HDBSCAN

Overview

HDBSCAN (Hierarchical Density-Based Spatial Clustering of Applications with Noise) is a density-based clustering algorithm that finds clusters of varying density and identifies outlier (noise) nodes.

R.J.G.B. Campello, D. Moulavi, J. Sander, Density-Based Clustering Based on Hierarchical Density Estimates (2013)

Concepts

Density-Based Clustering

Unlike algorithms like k-Means that partition all nodes into clusters, HDBSCAN finds clusters based on density: tightly connected regions of the graph form clusters, while loosely connected nodes are treated as noise (outliers). This means HDBSCAN can discover clusters of different sizes and shapes, and it doesn't require specifying the number of clusters.

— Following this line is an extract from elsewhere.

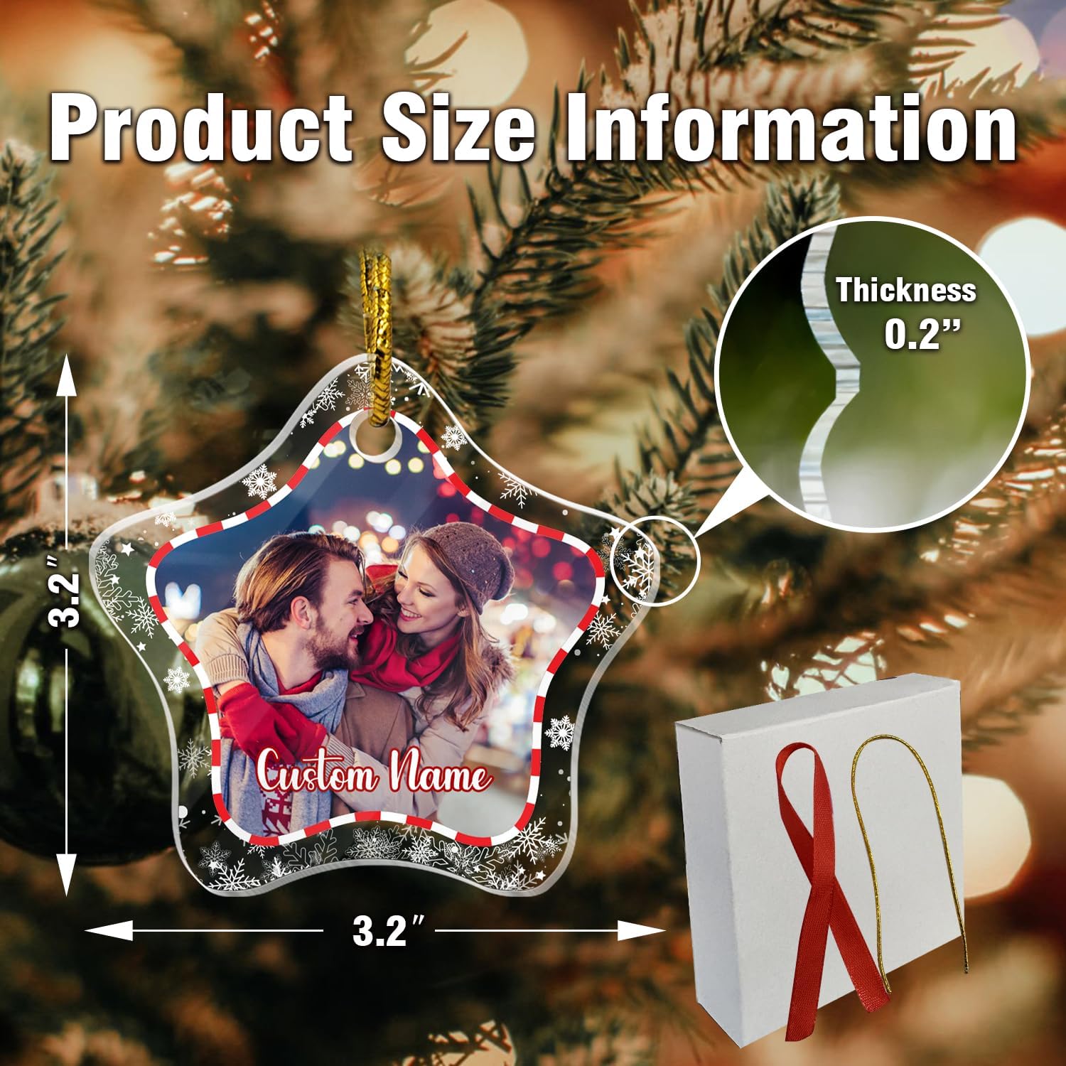 Personalized Christmas Ornaments, Crystal Custom Hanging Ornaments, Decorative Photo Hanging Glass Pendant, Design Own Picture, Gifts for Christmas, Star Shape for Family/Friends

In the HDBSCAN algorithm, distance between two nodes is the shortest-path length (hop count) between them. The core distance of a node answers the question: "How far does a node need to reach to find at least k nearby neighbors?"

For example, to find at least 3 neighbors:

Node A needs 2 hops (1 hop reaches B and F, 2 hops reaches C or G) → dist_core(A) = 2
Node B only needs 1 hop (reaches A, C, and G) → dist_core(B) = 1
Node E needs 3 hops (1 hop reaches D, 2 hops reaches C, 3 hops reaches B or G) → dist_core(E) = 3

A node in a dense region has a small core distance, while a node in a sparse region has a large core distance.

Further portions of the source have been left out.